Chair of the Communications and Digital Committee
- In office 6 November 2017 – 19 January 2022
- Preceded by: The Lord Henley
- Succeeded by: The Baroness Stowell of Beeston

Member of the House of Lords
- Lord Temporal
- Life peerage 30 September 2015

Political Secretary to the Prime Minister of the United Kingdom
- In office 2010–2015
- Prime Minister: David Cameron
- Preceded by: Joe Irvin
- Succeeded by: Laurence Mann

Personal details
- Born: 24 July 1963 (age 63)
- Party: Conservative

= Stephen Gilbert, Baron Gilbert of Panteg =

British Conservative politician

Stephen Gilbert, Baron Gilbert of Panteg (born 24 July 1963) is a British Conservative politician and member of the House of Lords.

==Early life==

Gilbert was brought up in Pontypool and became active in politics in the town. After attending West Monmouth School he worked in Cwmbran and soon became involved in local politics.

He said in an interview: "I saw in Pontypool that politics was about public service. It was a Labour town but with an active Conservative Party and thriving community organisations.
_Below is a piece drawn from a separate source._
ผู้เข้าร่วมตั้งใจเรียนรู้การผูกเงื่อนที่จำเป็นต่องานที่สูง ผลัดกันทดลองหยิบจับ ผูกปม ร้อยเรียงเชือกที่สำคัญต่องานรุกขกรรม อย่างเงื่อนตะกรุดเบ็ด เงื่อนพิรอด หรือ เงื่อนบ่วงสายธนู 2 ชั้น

"I saw that so often the same people who were involved in the stuffing of envelopes for political parties one day would be at the counter of the charity shop the next. I felt then, as I do now, that getting involved in and working for any political party and fighting for your beliefs is valuable, decent and honourable."

==Career==

Gilbert first came into the Conservative Party with the old cadre of Tory officials, under the doyenne of Conservative elections Sir Tony Garrett, who headed the Conservative Party's national network of organizers on the ground in the 1990s. Jo-Anne Nadler, a Conservative Party biographer, described Gilbert as "unquestionably the most long-serving and experienced member of the in-house campaign team.".

As a young Tory official in 1997 Gilbert was reportedly one of the few people who realised the Conservative Party (UK)
was going to lose by a landslide to Tony Blair – but his warnings and advice to focus on ‘safe’ Tory seats, rather than marginals, were ignored.
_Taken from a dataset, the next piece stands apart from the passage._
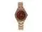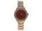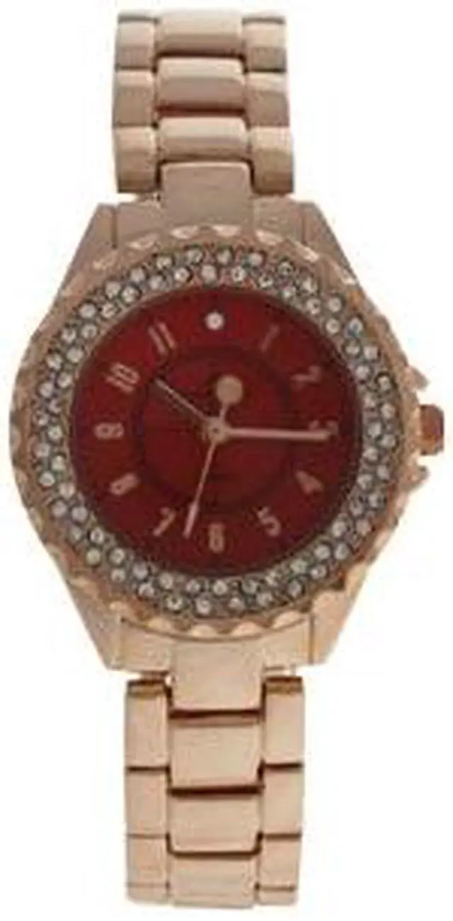 Stainless steel case with a stainless steel bracelet. Swarovski stones for the bezel. Gold steel strap. Mineral glass red dial with goldtone hands. Diamond accents are featured on the bezel. Dial Type Analog. Quartz movement.
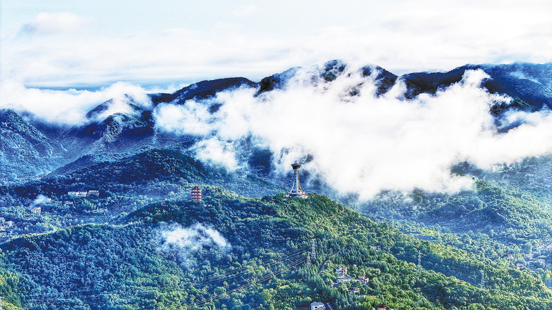 近日,雨后的商州區(qū)金鳳山上,繚繞的白云與山上的植被相呼應,形成了一幅優(yōu)美的生態(tài)畫卷。 (本報記者 楊 鑫 攝)

He served as deputy chairman of the Conservative Party until 2015. He decided to step down in November 2016, when he took up a part-time position at Populus, the official polling company for the main campaign to keep Britain in the EU, a move that is said to have infuriated Tory Eurosceptics. He resigned from his position, citing his "respect" for the party. Gilbert had also served as political secretary to David Cameron during his premiership, where he acted as the link between No. 10 and the Conservative Party.

Having played a key role in the 2015 general election, Cameron nominated him to the House of Lords, where he was created a life peer on 30 September 2015, taking the title Baron Gilbert of Panteg, of Panteg in the County of Monmouthshire.
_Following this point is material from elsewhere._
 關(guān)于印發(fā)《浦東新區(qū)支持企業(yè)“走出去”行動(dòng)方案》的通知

After the Brexit referendum in 2016, he joined a lobbying firm, but was soon brought back into CCHQ by Theresa May to help during the election campaign.

==2025==

The Leader of the Conservative Party, Kemi Badenoch, appointed Gilbert as a senior political adviser to her official office.

==Personal life==

Gilbert is an honorary member of the Carlton Club. He is sole director of Stephen Gilbert Consulting.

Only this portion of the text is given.